Nepal: Sudha udha began work as a stone crusher at a quarry when she was 12 years old hoping to raise some extra money for her family. Although the stone she produces is used for road building in her area, it has not paved the way for an education for Sudha. This is something she regrets every day, as the local school is just a short walk from her home. When asked if she would prefer to be at school, Sudha sighs and responds that it's too late for her to start now.
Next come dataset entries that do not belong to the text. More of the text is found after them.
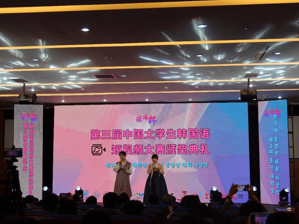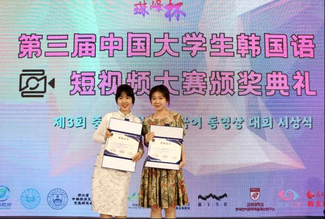 在7月5日结束的珠峰杯•第三届中国大学生韩国语短视频大赛中,beat365官网beat365英国官网网站朝鲜语专业六名同学从来自全国各高校朝鲜语专业的众多作品中脱颖而出,斩获佳绩,并受邀前往杭州师范大学参加颁奖典礼。其中2020级朝鲜语专业陈婧如、林榕灿获得全国二等奖,2020级朝鲜语专业(商务方向)代白鋆、谭晶以及2021级朝鲜语专业张金梁、宋楚涵获得全国三等奖。同时,分别为三组同学提供指导的任翔老师、具滋元老师和魏国峰老师获得了优秀指导教师奖。
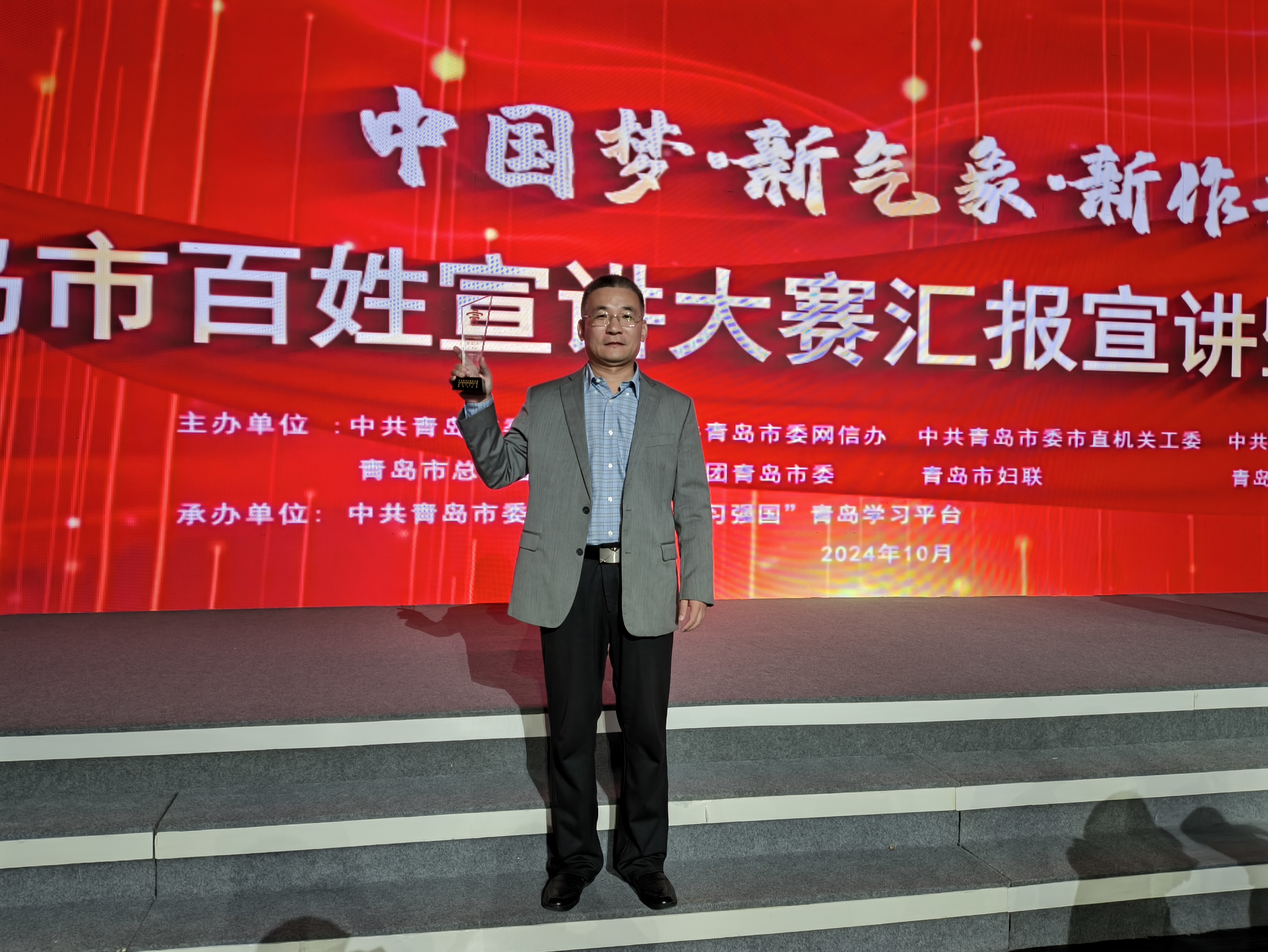 2024年10月24下午,“中国梦·新气象·新作为”青岛市百姓宣讲大赛汇报宣讲暨颁奖仪式在青岛市广播电视台800平米演播大厅举行。Beat365官网赵国营副教授创作的“何为中国式现代化的‘中国式’?”获理论类二等奖并上台领奖。
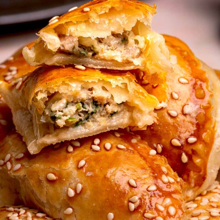 Chinese dumpling filling and puff pastry create a fusion of taste and textures, making a delightful party finger food.
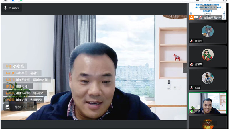 在交流提问环节,胡小华就同学们提出的核酸检测、期末考试、寒假放假等工作安排等进行了回应。同学们一致表示,胡小华老师的分享全面、细致、深入,及时回应了大家的困惑与关切,受益匪浅。
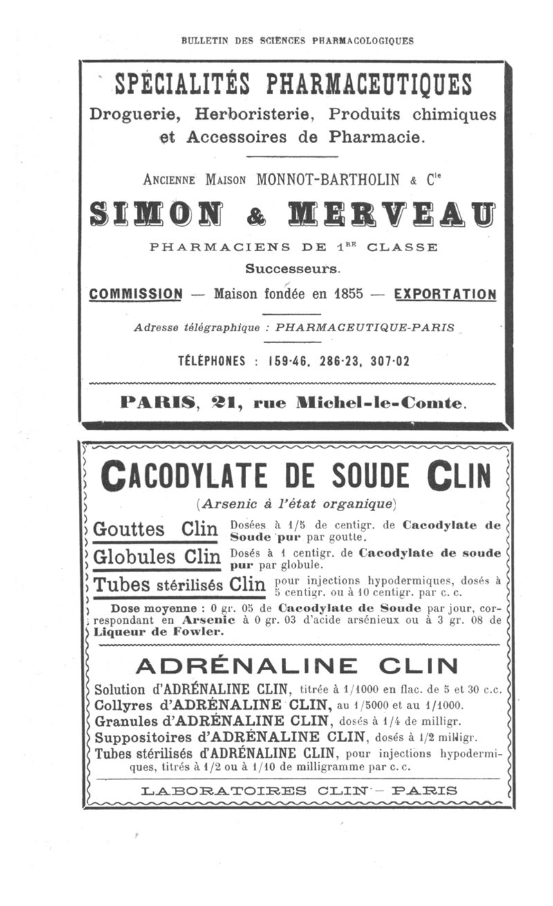 Bulletin des sciences pharmacologiques : organe scientifique et professionnel [Annexes : partie professionnelle et commerciale]
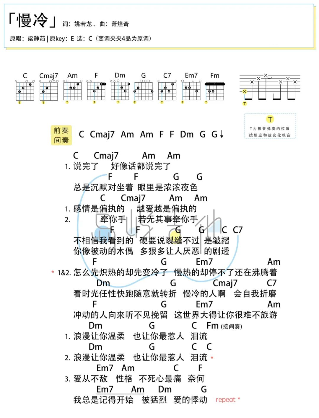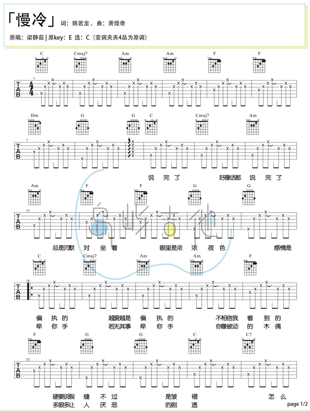 曲谱介绍: 慢冷吉他谱,最近又被大家炒热的一首梁静茹老歌,疗愈般的字句,仿佛在刻画着感情中的一些纠缠悲痛,许多情意由浓转淡,是让我们最不堪,那些哪怕没有说出分手,但已经感觉到彼此失去爱的能力了。 《慢冷》吉他弹唱谱,选用C调指法,原调E调,CAPO夹4品弹唱原调,共有2张六线谱配1张和弦谱,弹唱难度3级较简单。

Her wages from crushing stones, though small, are now an important part of her family's income, supplementing their small earnings from farming livestock along the banks of the river near where they live. Searching the nearby forest, the family gathers firewood, which they then sell at the market, providing another source of much needed money. Sometimes, Sudha's brother, sister and her parents also work as stone crushers in an effort to supplement their meagre earnings from farming. Their combined efforts earn them 1,400 rupees a week (around US$20 or €15). When asked why she continues to do this back-breaking and dangerous work, S Sudha simply sighs and stares at the sky. "There is no alternative", she says. For her, this is her destiny, her pre-ordained role in life.
ΥΓ. Και αν όλα αυτά σας φαίνονται τόσο μακρινά, έρευνα της Τράπεζας της Ελλάδος δείχνει ότι 450.000 παιδιά στην Ελλάδα ζουν κάτω από τα όρια της φτώχειας
Σύμφωνα με την κοινωνική οργάνωση ΑΡΣΙΣ 150.000 παιδιά κάτω των 18 ετών εργάζονται στην Ελλάδα.
Αν θέλουμε να βοηθήσουμε η ΑΡΣΙΣ ΠΡΟΤΕΙΝΕΙ:
1. Μην επιδοτείτε την παιδική εργασία δίνοντας χρήματα στα παιδιά που δουλεύουν στο δρόμο.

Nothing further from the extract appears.